SWGA is currently working through the replication setup with the plan to have full disaster-recovery capabilities by implementing the two BladeCenter and storage solutions. If the SAP production system should be struck by disaster, the development and test BladeCenter is available as a failover production system – correctly sized, with a known operating environment.
Selecting the virtual route
The VMware virtualization approach has created a simpler data-center solution for SWGA, as it removes the need for a separate physical server for each part of the SAP ERP environment. If demand rises, SWGA is able to create a new ESX virtual machine on an existing blade for the new service within a matter of hours. This includes creating temporary virtual machines for software testing, something that was impossible before.
“What you’re gaining through virtualization with VMware is not having a separate piece of hardware to buy – you can buy a slightly more robust piece of hardware and virtualize,” says Ed Solima. “In the typical Microsoft Windows environment you typically get 10 per cent CPU usage, whereas with virtualized application servers you can reach around 70 per cent.”
The virtual environment has also increased total uptime. Where a physical server requires maintenance, SWGA uses VMware VMotion to move the virtual machines it contains to another blade, so there is no service interruption.
Choosing IBM solutions
The corporation’s long experience of SAP applications had shown SWGA the value of reliability and performance. Though Dell was the preferred hardware vendor for non-SAP applications, the move to blades prompted the team to invite IBM to propose a solution, too. The close relationships between SAP and IBM provided a convincing system-sizing proposal, and the integrated BladeCenter, DS4700 storage and Tivoli Storage Manager proposition offered a sound business case. Funding for the complete solution was provided through IBM Global Financing on a three-year lease.

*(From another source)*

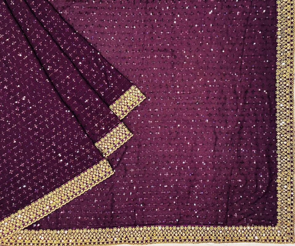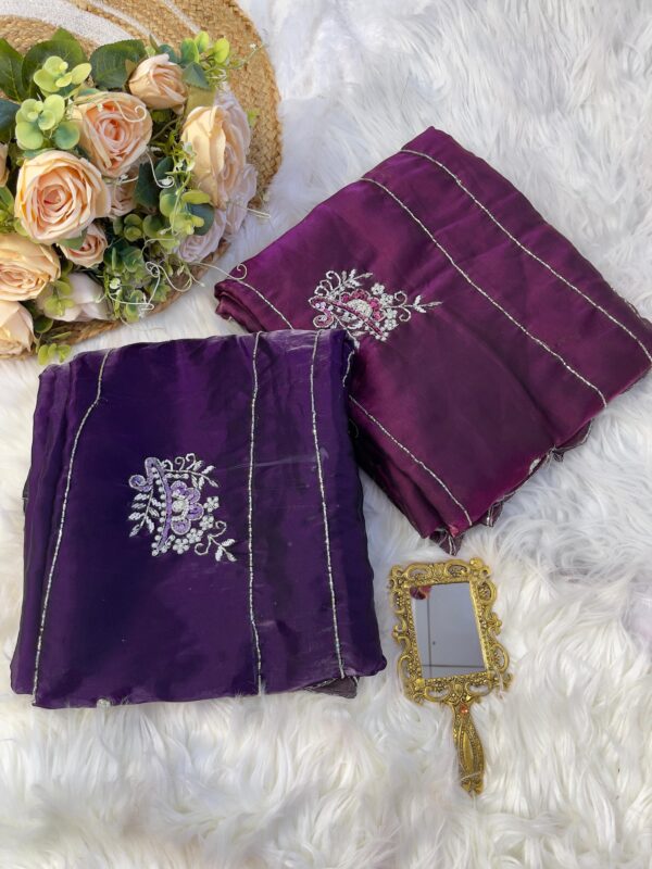 Pure Soft Jimmy Choo Silk Saree – Hand Khatli & Cutdana Embellished Elegance

Achieving business results
Peak sales for SWGA are typically in the Fall, so embedding the changed landscape and completing the SAP application upgrade in July was essential.
The systems and application migrations were achieved on time and on budget, and have delivered system response times, even at times of maximum activity, of less than 0.8s – and normally below 0.4s. The integrated, automated backup, restore and archive processes provided by Tivoli Storage Manager have significantly reduced the IT team’s workload, and the infrastructure for full failover and disaster recovery capabilities have been implemented for the business-critical production environment.
Ed Solima concludes, “The BladeCenter solution has helped us to simplify the IT infrastructure and reduce costs. We now have a model in place for full disaster recovery capabilities, with automated processes that significantly reduce our IT administration workload with a rock-solid, highly reliable infrastructure ready for the future.”